((

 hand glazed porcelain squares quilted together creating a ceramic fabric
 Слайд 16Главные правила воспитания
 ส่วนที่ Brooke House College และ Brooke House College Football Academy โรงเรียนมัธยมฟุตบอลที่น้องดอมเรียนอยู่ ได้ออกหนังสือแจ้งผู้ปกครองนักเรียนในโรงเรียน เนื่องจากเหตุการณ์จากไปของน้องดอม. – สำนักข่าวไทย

))
((

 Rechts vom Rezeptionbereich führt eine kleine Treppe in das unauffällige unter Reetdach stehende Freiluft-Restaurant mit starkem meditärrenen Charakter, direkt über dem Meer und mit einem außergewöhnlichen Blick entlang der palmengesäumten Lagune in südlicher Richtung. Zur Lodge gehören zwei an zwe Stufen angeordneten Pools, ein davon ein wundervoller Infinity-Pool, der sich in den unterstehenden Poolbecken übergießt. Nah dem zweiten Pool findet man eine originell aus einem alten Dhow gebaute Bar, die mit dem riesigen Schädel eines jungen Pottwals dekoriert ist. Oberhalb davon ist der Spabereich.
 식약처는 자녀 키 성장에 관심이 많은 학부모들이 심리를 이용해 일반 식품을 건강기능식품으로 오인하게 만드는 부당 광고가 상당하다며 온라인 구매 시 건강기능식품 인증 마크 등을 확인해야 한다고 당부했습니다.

))
((

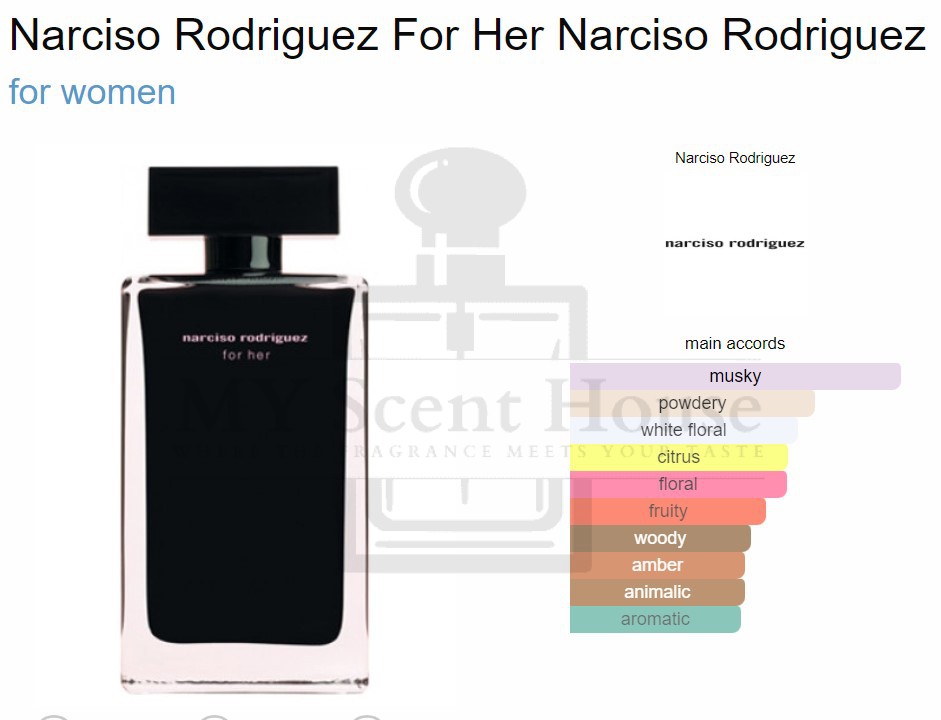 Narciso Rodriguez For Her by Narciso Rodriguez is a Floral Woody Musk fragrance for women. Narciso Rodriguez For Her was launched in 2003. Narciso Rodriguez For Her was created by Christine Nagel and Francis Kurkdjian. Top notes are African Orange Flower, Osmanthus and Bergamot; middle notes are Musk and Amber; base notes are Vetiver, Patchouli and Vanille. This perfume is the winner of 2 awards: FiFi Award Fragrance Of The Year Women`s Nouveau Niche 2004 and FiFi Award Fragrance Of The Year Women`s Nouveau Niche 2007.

))

- WORK REQUEST -
One stretch of the lines above is wanted, from the line that contains "Rechts vom Rezeptionbereich" through the line that contains "식약처는 자녀 키 성장에". Output it exactly.

- RESPONSE BOX -
 Rechts vom Rezeptionbereich führt eine kleine Treppe in das unauffällige unter Reetdach stehende Freiluft-Restaurant mit starkem meditärrenen Charakter, direkt über dem Meer und mit einem außergewöhnlichen Blick entlang der palmengesäumten Lagune in südlicher Richtung. Zur Lodge gehören zwei an zwe Stufen angeordneten Pools, ein davon ein wundervoller Infinity-Pool, der sich in den unterstehenden Poolbecken übergießt. Nah dem zweiten Pool findet man eine originell aus einem alten Dhow gebaute Bar, die mit dem riesigen Schädel eines jungen Pottwals dekoriert ist. Oberhalb davon ist der Spabereich.
 식약처는 자녀 키 성장에 관심이 많은 학부모들이 심리를 이용해 일반 식품을 건강기능식품으로 오인하게 만드는 부당 광고가 상당하다며 온라인 구매 시 건강기능식품 인증 마크 등을 확인해야 한다고 당부했습니다.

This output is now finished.